Designing a Peer Support Platform for Cancer Survivors & Patients

Designing a space where young adults with cancer find each other – and themselves.

RoleUX Designer
Timeline2 months
Team1 designer, 1 founder
ToolsFigma, iOS Human Interface Guidelines, Miro
Full prototype launchedNonprofit funded & investors secured

Overview

Alike is a UK-based charity built for young adults impacted by cancer – a group chronically underserved by existing support structures. The founder, a cancer survivor herself, had a clear vision: a peer-led digital community where people could connect not around their diagnosis, but around who they are. I was brought in through Toptal as a freelance UX designer to shape the iOS app experience from the ground up – no brief, no prior design, just a founder with a mission and a prototype deadline. The work needed to be fast, sensitive, and exactly right. The prototype would determine whether the nonprofit could secure the funding to become real.

Problem Space

Understanding the challenge.

Business Challenge

The founder needed a high-fidelity iOS prototype compelling enough to attract investors and donors to a nonprofit that didn't yet exist in digital form. The design had to communicate trustworthiness, emotional safety, and clear utility – simultaneously to two audiences: the young adults who would use it and the funders who needed to believe in it. There was no room for a version one that felt rough.

User Pain Points

Young adults with cancer occupy an emotional space that most digital products aren't designed for – somewhere between vulnerability and fierce independence. They don't want to be defined by their diagnosis. They want connection that feels human first, medical second. Research with the founder – herself a peer of the intended users – revealed that the most dangerous design decision would be leading with cancer type. That information, shown too soon, reduces a whole person to a condition.
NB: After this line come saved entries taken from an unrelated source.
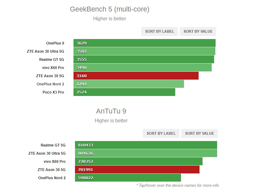 Snapdragon 870 trên ZTE Axon 30 là chon chip chỉ thua Snapdragon 888. Máy đi kèm RAM 6/8/12GB và bộ nhớ trong từ 128GB. Mặc dù hiệu năng lõi đơn và lõi đa nhân không mạnh vượt trội so với một số đối thủ cùng tầm nhưng Axon 30 không thua kém quá nhiều và quan trọng là chip hoạt động rất mát.
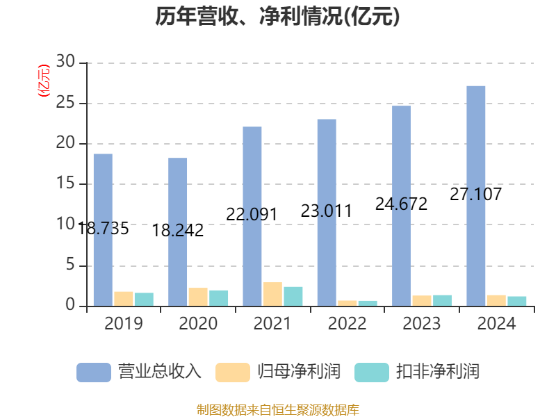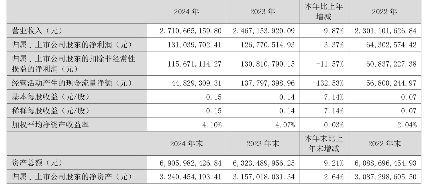 中证智能财讯隆华科技(300263)4月23日披露2024年年度报告。2024年,公司实现营业总收入27.11亿元,同比增长9.87%;归母净利润1.31亿元,同比增长3.37%;扣非净利润1.16亿元,同比下降11.57%;经营活动产生的现金流量净额为-4482.93万元,上年同期为1.38亿元;报告期内,隆华科技基本每股收益为0.15元,加权平均净资产收益率为4.10%。公司2024年度分配预案为:拟向全体股东每10股派现0.5元(含税)。
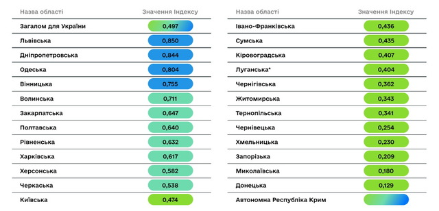 Министерство цифровой трансформации Украины обнародовало обновленный Индекс цифровой трансформации регионов, по которому Днепропетровская область заняла второе место с показателем 0,844 балла. В целом средний уровень цифровой трансформации в стране составил 0,497 балла.
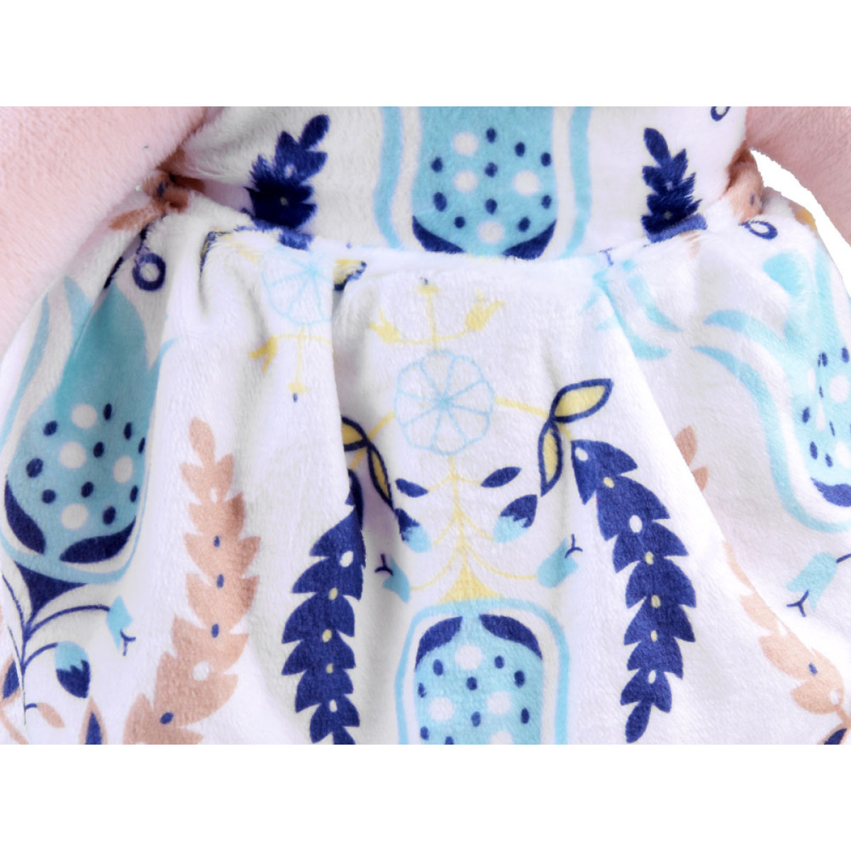 Lellīte ir pilnībā izgatavota no mīksta, patīkama uz tausti materiāla. Samta kleitiņa ar augu motīvu ir krāsu saskaņota ar apaviem, apkakli un cepuri. Lelles mati ir cirtaini un blondi.
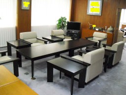 | 市○室配置写真と言いたいのですが、中央テーブルを1つ増設した絵です。 | |
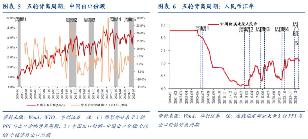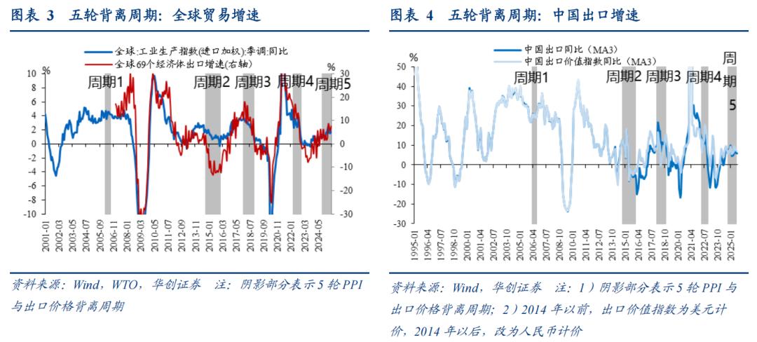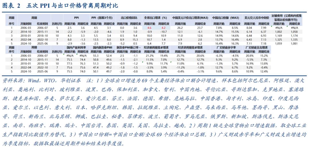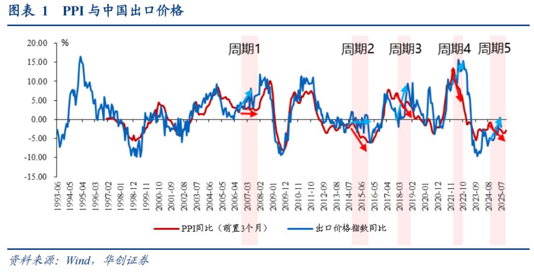 首先,寻找PPI与中国出口价格背离周期。有数据以来,共有五次较为明显的出口价格增速上行、而PPI下行的背离。分别为:1)周期1:2006年3月-2006年7月,2)周期2:2014年10月-2015年11月;3)周期3:2018年1月-2018年10月;4)周期4:2022年4月-2022年10月;5)周期5:2024年10月-至今(本轮)。
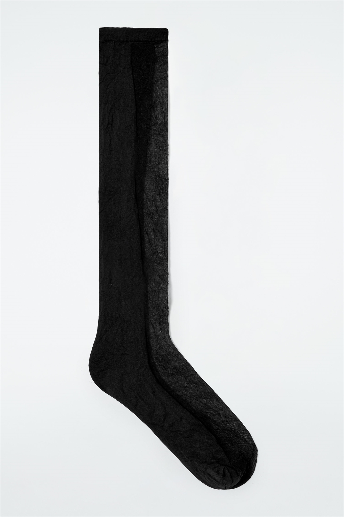 Эти носки до колена - изящный способ приобщиться к тренду на гладкость. Они выполнены в строгом черном цвете, имеют прозрачную вставку и ребристые манжеты, которые не сползают вниз. Носите их с лоферами или балетками. Усиленные мыски Материал: 94% полиамид (нейлон), 6% эластан. Без учета отделки / Машинная стирка
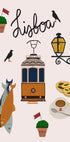 Maak een visuele reis naar Lissabon: een goudgele tram slingert tussen pastelkleurige gevels, blauwe azulejo's en steile heuvels, terwijl kabeldraden en straatlantaarns de lucht omlijnen. Warme tinten, zeebries en het leven uit cafés en sardinebars worden gecombineerd in een tijdloos, grafisch motief dat de ziel van de stad vangt. Zonlicht en uitzicht richting de Tejo maken de reisdroom compleet.
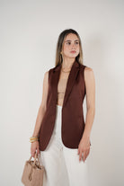 Meta Description: Shop the Zyra Vest – a chocolate brown, structured sleeveless blazer perfect for layering. Available in other colors at Carema Boutique.

The app needed to show the person first.

Constraints

The project was a two-person operation: one designer, one founder. Every decision needed to move quickly and carry weight. iOS design conventions had to be respected to make the prototype feel credible and native – a rough prototype could undermine donor confidence. The subject matter required emotional sensitivity that typical UX frameworks don't account for – language, imagery, and interaction patterns all carried more consequence than in a commercial product.

Research

How we listened.

Deep founder interviews (cancer survivor perspective as primary research)
User persona development for young adult cancer patients
Experience strategy brainstorming sessions
Review of existing cancer support platforms and their emotional failures
User journey mapping across diagnosis, isolation, and recovery phases
iOS HIG review for native interaction credibility

Key Insights

  • 1Cancer type should not appear on initial peer profiles – it doesn't define a person, it's a temporary struggle
  • 2The app needed to feel inviting, genuine, safe, and uplifting – four qualities rarely found together in health-adjacent products
  • 3Peer connection needed to feel chosen, not assigned – users needed agency in who they reached out to
  • 4Onboarding was the highest-stakes moment: if it felt clinical or bureaucratic, trust would never recover

It doesn't define a person – it is just a temporary struggle.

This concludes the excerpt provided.